Se sentía asustado al respecto, y decidió calmarse sacando su teléfono y reproduciendo un vídeo que su novio le mando esa mañana.
—Mira amor, está nevando —Dice el pecoso enfocando la cámara a la ventana —A veces tengo mucho frío y me pongo triste porque no estás aquí para abrazarme.
—¡Checo, el desayuno está listo! —Se escucha la voz de una mujer de fondo y el pelinegro voltea la cámara hacia él.
—Ya me tengo que ir, prometo mandarte otro vídeo con las vacas —Una risa escapa de sus labios después de decir esto —Hoy le diré a mis padres sobre lo nuestro, quiero que sepan de ti. Te amo, ya quiero verte pronto.
El vídeo termina y Max solo atina a llevar una mano a su pecho, justo donde puede sentir el anillo en su cadena.
Una lágrima escapa sigilosamente deslizándose por su mejilla y hace todo lo posible por no dejarse caer.
De pronto alguien toca la puerta, y no tiene más opción que recomponerse.
—¿Max, puedo pasar? —Pregunta Victoria del otro lado de la puerta.
—Adelante.
La joven entra con cuidado y cierra tras de si.
—¿Estás bien? Nunca te había visto discutir con papá de esa manera —Señala la rubia caminando hacia él.

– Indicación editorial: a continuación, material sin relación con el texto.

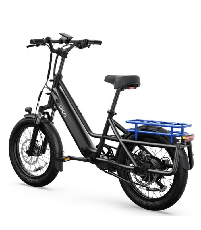 Электровелосипед OKAI EB70 E-Kargo создан для грузоперевозок за счёт усиленной рамы из авиационного алюминия 6 серии и прочного багажника. Грузоподъёмность электрического велосипеда до 200 кг. Вес электро велосипеда всего 33 кг. Мотор на 500 ватт даст возможность разогнаться до 32 км/ч. Широкие пневматические колёса с шинами пониженного давления 20x3 дюйма подходят для езды по городу и пересечённой местности.

—Daniel ya no viene a la casa por su culpa, incluso estando lejos no puede hacer una excepción solo porque lo odia —Señala el joven abogado sentándose en su cama y su hermana hace lo mismo a su lado —No le gusta quién es.
—Papá no lo odia —Victoria intenta reconfortarlo, pero falla.
—Si lo hace —Suelta el rubio bajando la mirada —Y también me odia a mi.
La joven se queda en silencio analizando en esas palabras y observa como su hermano lleva sus manos a la cara cubriendose.
Entiende lo que esto significa, y se aflige cuando lo ve llorar en silencio.
Max intentaba ser fuerte frente a ella, pero su mente y la realidad de como es su padre lo estaban atormentando.
Victoria se acerca a él y se acuesta a su lado, abrazándolo mientras recarga su cabeza en su brazo.
Su hermano corresponde al abrazo y se desahoga en silencio.
Era como si pudiera liberarse un poco de la pesada carga que llevaba en sus hombros.
No habia dudas de que estaba cansado.
Viviendo entre mentiras y secretos, con el miedo de que su familia lo rechazara por simplemente amar a alguien.
Sin embargo, su hermana estaba a su lado para demostrarle que eso no era así.
Ella nunca podria odiarlo.
Pero en un momento baja la mirada y observa ese objeto brillante colgando de una cadena, un anillo de un sol.
No dice nada, pero este objeto no saldría de su mente en mucho tiempo.